Exercise: Under this line is some data; print exactly the lines from the one containing "2月26日に「6年生をおくる" through its last line, without pictures.

Stored data:
++++++++

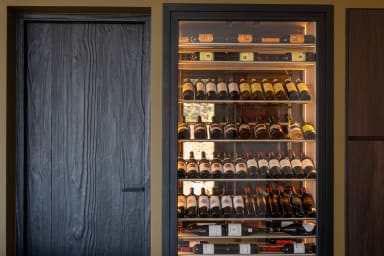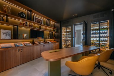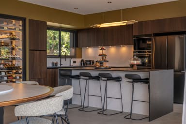 La cuisine intérieure ouverte offre un espace moderne et raffiné avec des appareils électroménagers haut de gamme, comprenant , une plaque de cuisson BORA, un four et un lave-vaisselle en hauteur, ainsi qu’un réfrigérateur américain, , un thermomix , une chambre froide et un congélateur. Une machine à glaçons et des machines à café Nespresso et Siemens encastrables complètent cet ensemble, tandis qu’un cellier attenant assure un rangement pratique et organisé.
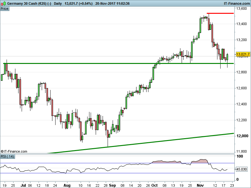 European equities are in recovery mode having initially opened lower after German coalition talks fell through late last night. Both the UK’s UK Index and the German DAX have bounced from session lows as investors digest not only what the future of the German government will end up looking like (first ever election re-run needed or a Merkel-led minority government?), but also how the collapse of negotiations in Berlin will affect those continuing in Brussels between the UK and the EU. The German President is expected to make an announcement at 1:30pm GMT. Meanwhile, US investors continue to digest to probability of US tax reforms being passed before year-end, needing Republican senators to overcome a multitude of hurdles to make their two seat majority count.
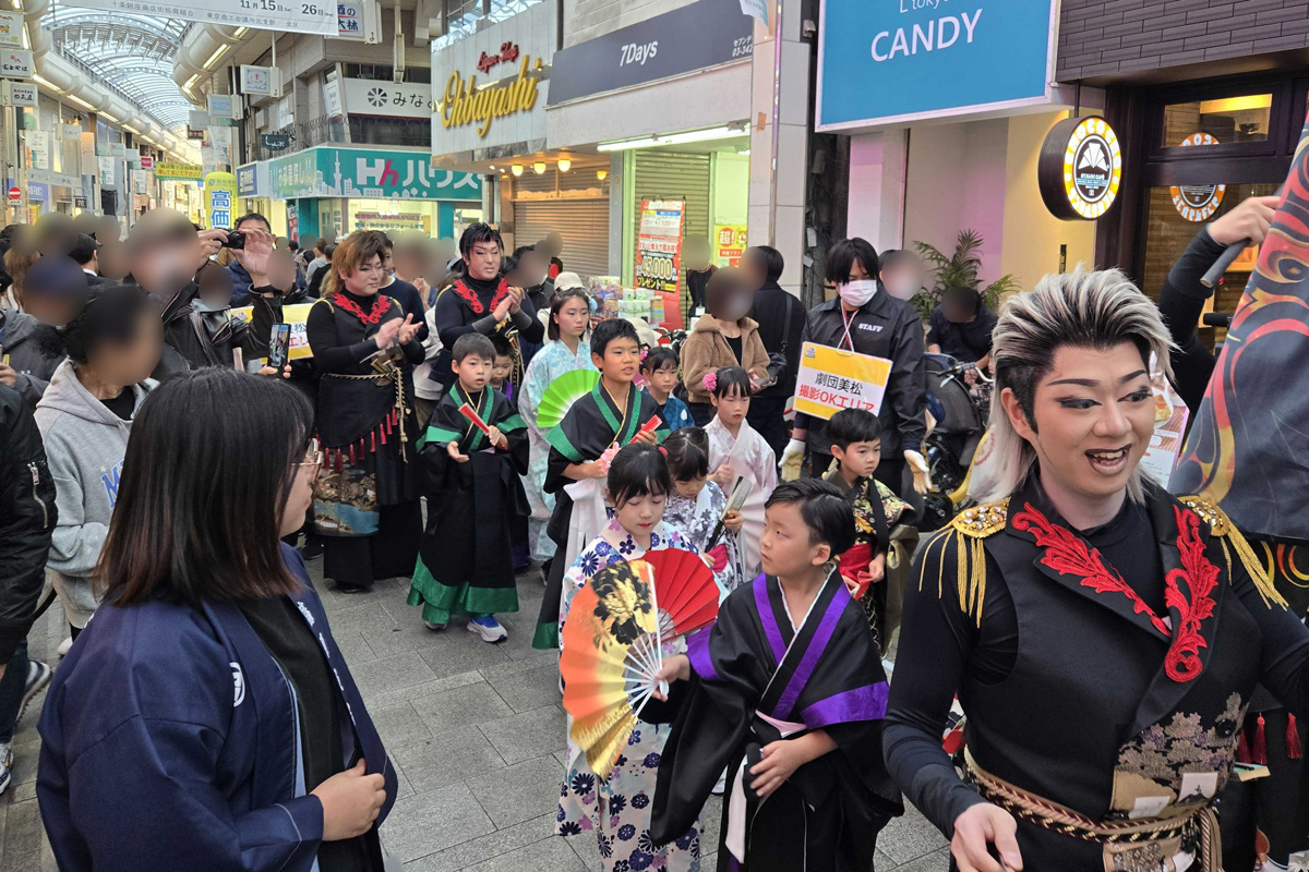 中十条2丁目にある都内最古の大衆演劇場「篠原演芸場」からは地元小学生も参加する着物パレードが出発。「劇団美松」の役者さんを先頭に、美しい着物をまとった禿(かむろ)姿の小学生が商店街を抜けて駅前広場までの約400mを練り歩きました。
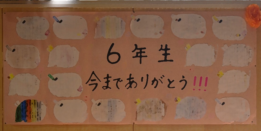 2月26日に「6年生をおくる会」「鍵送りの式」をしました。6年生は、1年生からひとりずつ金メダルをかけてもらい、手をつないで体育館に入場しました。それぞれの学年から、6年生への感謝の気持ちや6年生のがんばりを紹介する内容の発表が続き、最後は6年生からお礼の歌と言葉がありました。最後は、くす玉や人間アーチでの退場など、代表委員会で話し合われた「盛り上げるための工夫」があり、6年生は笑顔いっぱいでした。
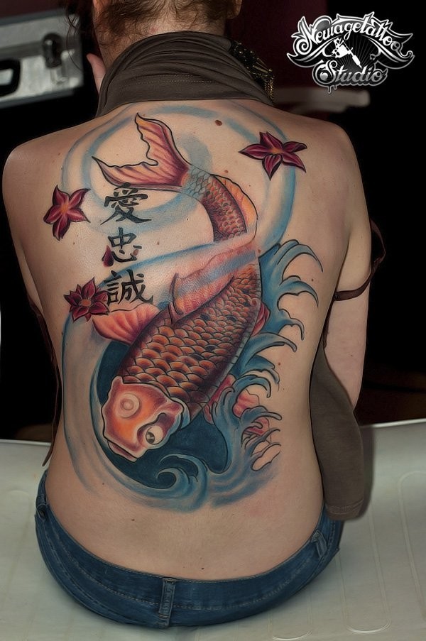 背部亚洲风格的彩色鲤鱼花朵字母纹身图案

++++++++

Task result:
 2月26日に「6年生をおくる会」「鍵送りの式」をしました。6年生は、1年生からひとりずつ金メダルをかけてもらい、手をつないで体育館に入場しました。それぞれの学年から、6年生への感謝の気持ちや6年生のがんばりを紹介する内容の発表が続き、最後は6年生からお礼の歌と言葉がありました。最後は、くす玉や人間アーチでの退場など、代表委員会で話し合われた「盛り上げるための工夫」があり、6年生は笑顔いっぱいでした。
 背部亚洲风格的彩色鲤鱼花朵字母纹身图案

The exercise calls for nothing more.